Eva: Bryan, if anyone is qualified to write a book on fatherhood, I suppose it's you. Would you tell my readers about your family?
Bryan: Glad to, Eva. My wife, Susie and I have seven children, four girls and three boys. The oldest is James, our 21-year-old. He’s a student at Florida State University majoring in economics. Josiah is our 19-year-old tennis enthusiast who is attending the local community college. Arianna, our 17-year-old, is also attending community college and is planning to major in international economics. These three were educated all the way through high school in our homeschool. The rest of our children are currently homeschooled. Caleb is our 15-year-old high schooler, and plays the cello in an orchestra. Amanda is 13 years old and loves to sew and read. Rachel, our 9-year-old, is a blossoming pianist, and she also enjoys reading. Hannah is seven. She also plays piano, and, as the baby of the family, is a little ray of sunshine.
Eva: Do you mind talking a bit about your decision to sell your portion of an investment business?
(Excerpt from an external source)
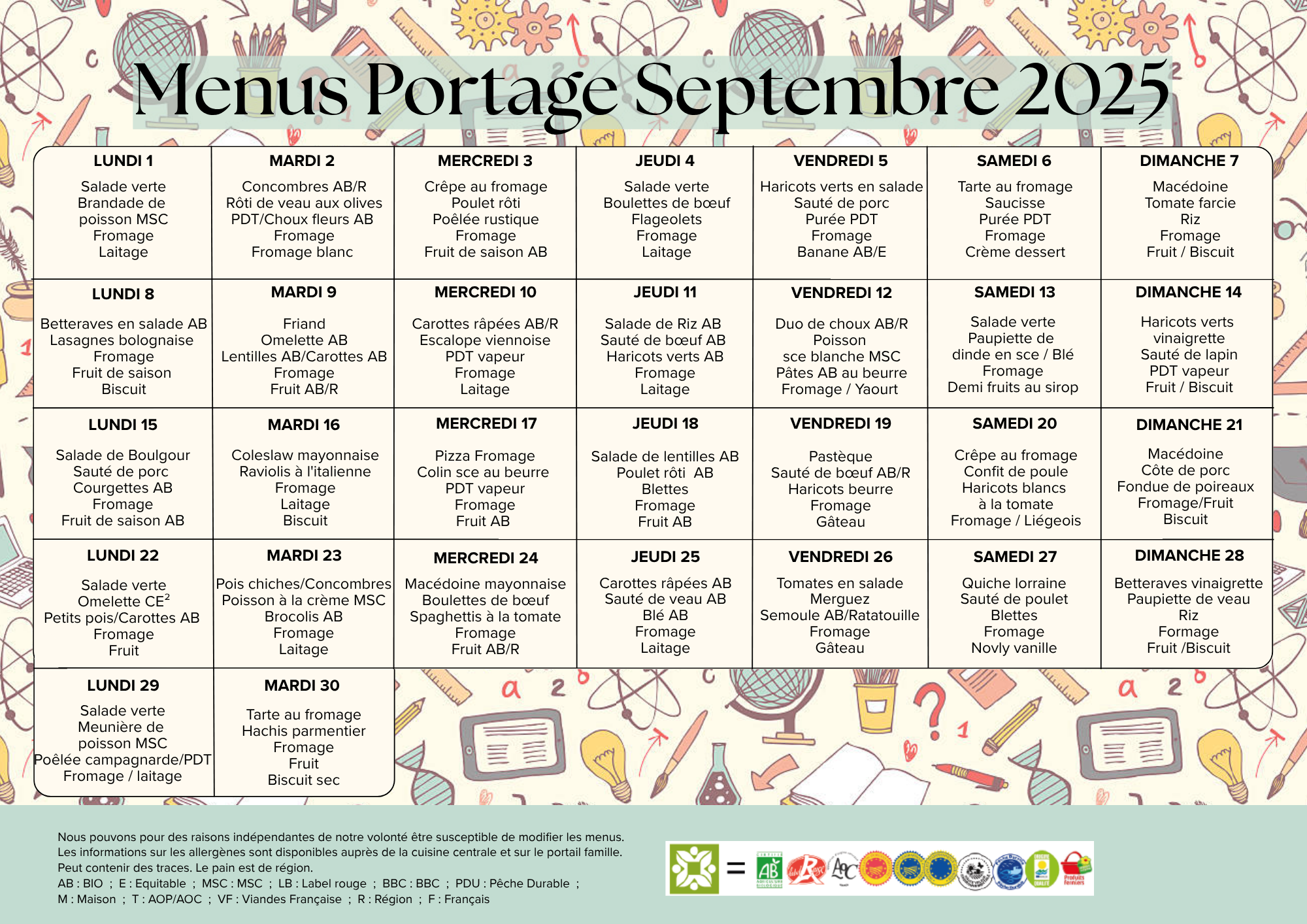 MENU PORTAGE OCTOBRE 2025

Bryan: I felt God’s call to write about eight years ago, but I thought I could answer the call by writing at night after the children were in bed or during lunch breaks. The problem was that I couldn’t really devote the time I needed to learning the craft. My publishing results reflected my lack of skill. I couldn’t seem to get publishers interested in my work. I decided that the only way I could really break into the field would be to get the necessary training and make writing my career. I began asking God how to do that and still feed my family. I knew God would always supply my needs, but I didn’t know if that meant quitting my job and stepping out in faith without a salary. Eva, as you know, God is always faithful. Another company bought our investment firm, including my shares. I was able to transfer my duties to others over time, then leave the company and have some money to live on until my writing efforts bore financial fruit. I’m thankful to God for allowing me to make a smooth transition.
Eva: Bryan, what were the circumstances around the birthing of your book, The Image of a Father?
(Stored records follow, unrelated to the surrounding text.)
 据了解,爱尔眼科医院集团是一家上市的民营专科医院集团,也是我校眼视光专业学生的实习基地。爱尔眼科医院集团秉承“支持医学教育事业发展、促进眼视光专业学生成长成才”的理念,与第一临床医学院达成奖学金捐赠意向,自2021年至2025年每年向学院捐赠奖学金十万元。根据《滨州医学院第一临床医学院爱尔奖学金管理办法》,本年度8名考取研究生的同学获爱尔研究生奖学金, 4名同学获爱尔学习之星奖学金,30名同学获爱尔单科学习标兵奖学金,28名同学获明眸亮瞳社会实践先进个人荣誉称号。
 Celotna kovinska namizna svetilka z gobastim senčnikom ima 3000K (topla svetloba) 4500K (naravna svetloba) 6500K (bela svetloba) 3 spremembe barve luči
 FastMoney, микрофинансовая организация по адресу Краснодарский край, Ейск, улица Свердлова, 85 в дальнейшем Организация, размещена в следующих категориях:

Birthing? I suppose this book had a 20-year gestation period. When my first son was born, I was clueless. I held him in my arms and said, “What do I do now?” There were plenty of books on what to do with a child, from changing diapers to planning for college, but what I really needed was something deeper, instructions on how to be the man I needed to be. This book shows a man how to reflect the image of God as a father, how to show our children what God is like. My desire to be a father after God’s own heart lead me to the Scriptures. I wanted to see the fatherhood of God and how he guided His people. Those reflections and studies brought about the birth of this book.